Exercise directions: A verbatim copy of all the data is required; the pictures should not appear in it.

Data excerpt:

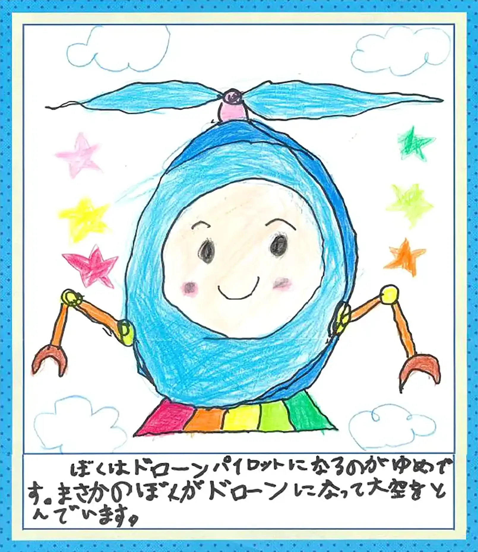 ドローンパイロットになりたいという夢を、自分自身がドローンになって空を飛んでいるイラストにしてくれました。
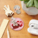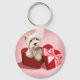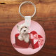 Cãozinho de westie bonito em caixa vermelha em forma de coração e fundo cor-de-rosa nublado, pintado pela artista Maryline Cazenave.
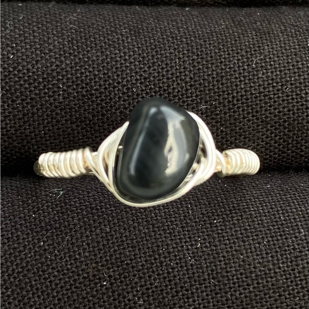 Black obsidian crystal ring. Tarnish resistant silver wire. You choose size.
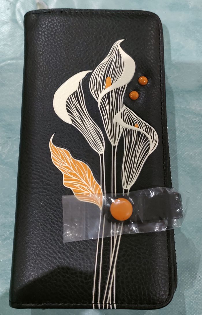 Emportez l'élégant portefeuille pochette orné d'un magnifique appliqué floral noir et blanc. Ce portefeuille pochette est rehaussé d'un passepoil contrastant du plus bel effet. Il est doté d'un compartiment zippé pour plus de sécurité.

Solution to this task:
 ドローンパイロットになりたいという夢を、自分自身がドローンになって空を飛んでいるイラストにしてくれました。
 Cãozinho de westie bonito em caixa vermelha em forma de coração e fundo cor-de-rosa nublado, pintado pela artista Maryline Cazenave.
 Black obsidian crystal ring. Tarnish resistant silver wire. You choose size.
 Emportez l'élégant portefeuille pochette orné d'un magnifique appliqué floral noir et blanc. Ce portefeuille pochette est rehaussé d'un passepoil contrastant du plus bel effet. Il est doté d'un compartiment zippé pour plus de sécurité.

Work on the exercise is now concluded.